Which reminds me, as the weather warms, of Wallace Stevens’s description of a summer night: "an argentine abstraction approaching form and suddenly denying itself away. [...] an insolid billowing of the solid."
For reasons particular to myself, I find gender transition morbid in that everyday I am grieving, as well as preparing for and cataloguing the death of body parts and bodily functions, relationships, ideas, and memories. But the grief has given way to a liberating sense of disappointment that I am finally able to accept. I used to think people who quote that one line from Tokyo Story sounded trite but now I think it to myself often. Like realizing that you've been watching a terrible movie or a decent movie projected terribly, you're alerted to the fact that life "wasn't the movie of our dreams. It wasn't that total film we carried inside ourselves. That film we would have liked to make, or more secretly, the film we wanted to live." Eventually you get better at the art of walking out.
(2) I saw a 35mm print of Crash, then a few weeks later I watched The Shrouds:
Signifiers of humanity's proximity to death form the nucleus of sexual desire. To derive pleasure from signifiers requires a longing for meaning and an imagination. One has to be able to locate the rhyme between a dent and a thrust. One has to be perceptive enough to even want to see the rhyme and be at peace with the way its meaning settles. In this sense, Crash is about the evolution of an audience of voyeurs into attentive critics and burgeoning artists who start off as eager copycats, then lose the training wheels of their influences as their own tastes become more defined beyond a craving for countercultural rebellion.
The small group viewing of taped collisions recalls Cronenberg’s stories about the avant-garde screenings he attended as a university student, where he encountered films by Kenneth Anger and Ed Emshwiller. I am also thinking about Delany's writing on New York City porn theatres: the sexual tension that emerges among the gay audience because of the very absence of gay sex onscreen, the interclass contact that occurs in the face of class warfare through a shared pursuit of pleasure, the importance of this contact whether the sex is fulfilling or the relationships lasting—because life is short and people die. In both cases, the image surpasses the screen and corrupts the viewer's taste, jolts awake a sense of mortality.

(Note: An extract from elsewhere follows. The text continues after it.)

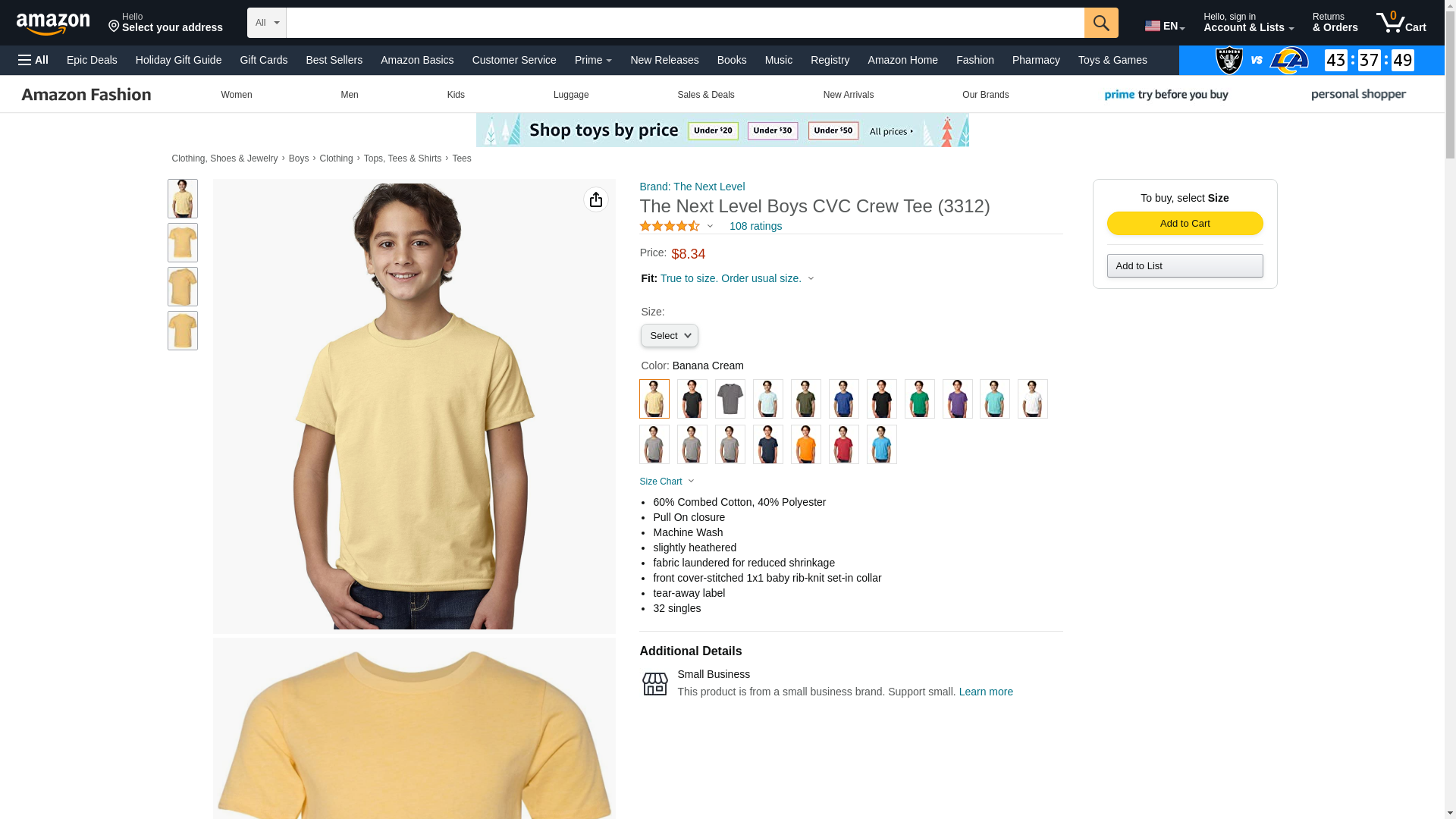 Next Level Youth CVC Crew, Banana Cream, Small

The characters in Crash are startled by the pleasure that rushes in when the videotape breaks and begins to loop. The glitches form an erotic patchwork. This arousing rupture of time inspires a series of life-threatening turns against narrative, most bracingly depicted by cars speeding between rather than within the lanes and in the opposite direction. Recurring remarks among old men about viagra, scattered throughout Ozu's final films, leave behind the unspoken punchline that a few extra hours of sex brings you closer to the grave. There is wisdom, Ozu suggests, in knowing the worth of the risk.
*
I cried a lot watching The Shrouds but I accidentally deleted what I’d written about it. I thought, wow, this is the best thing I've written in awhile…but the next day I laughed about it because that’s actually not true. But it’s good to feel protective over your thoughts because they’re yours. Anyway, very briefly, it was something like this:
Love is the ultimate passage through which the body is fundamentally transformed.
[…] In love’s absence you superimpose the same scars on other torsos. You imagine every other “normative” body to be as malleable and transient.

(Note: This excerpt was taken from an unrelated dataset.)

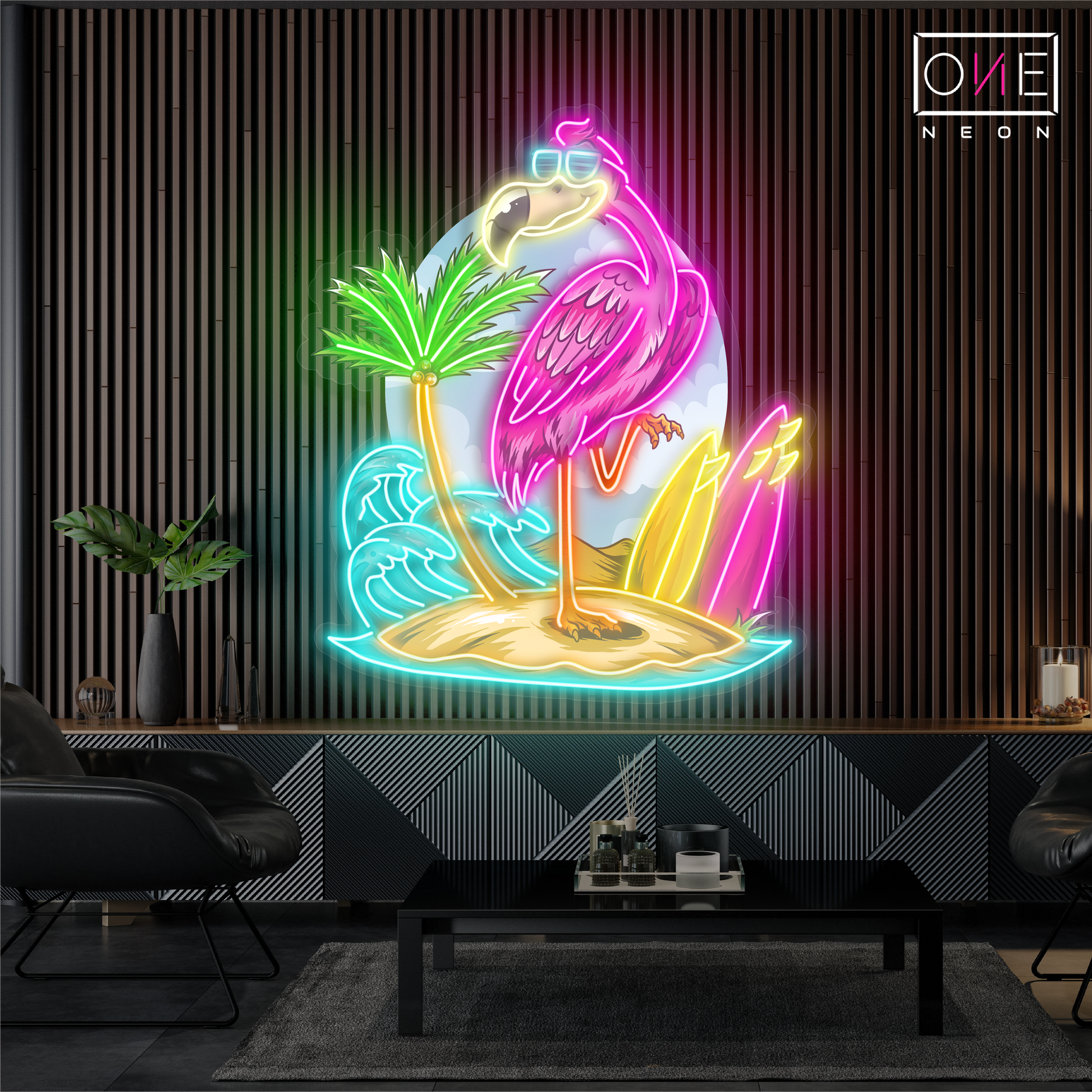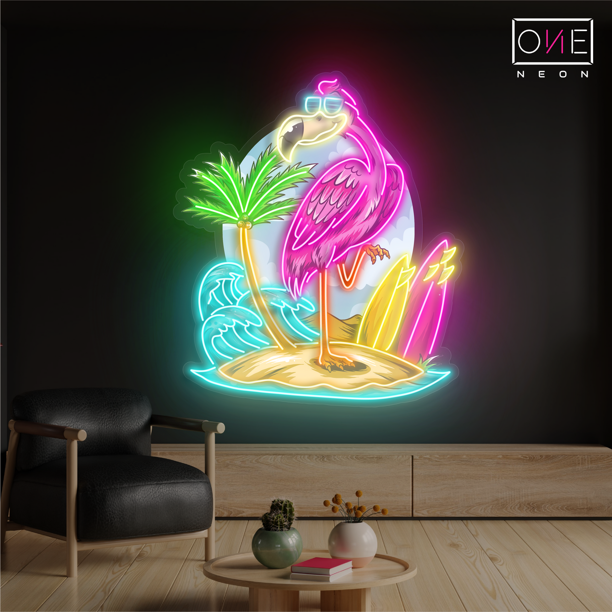 🌴✨ Flamingo Island Artwork LED Neon Sign ✨🌴

[…] And you are left inconsolably lonely because love is real but ghosts are not.
(3)
There are times, I told Robert, swirling the ice in my glass, when a look or a shred of conversation from twenty years ago comes back to me with intensely concentrated ferocity, when a gesture or a sudden noise throws open a doorway at the end of a long narrow corridor of the faraway past, and then you can make out shapes and faces, forms, colors in the distance, at the threshold of recognition. What you really remember isn't what happened at a particular moment, I told Robert, but what you thought about yourself and the world you were living in back then, what you expected or dreamed that the future might be, how you interpreted reality at the time. What happened last week or last month, I said, sometimes settles into such remoteness you can't reclaim the smallest fraction of it, because it's still consistent with your picture of how things are. But once the picture changes, I said, the past stands out differently.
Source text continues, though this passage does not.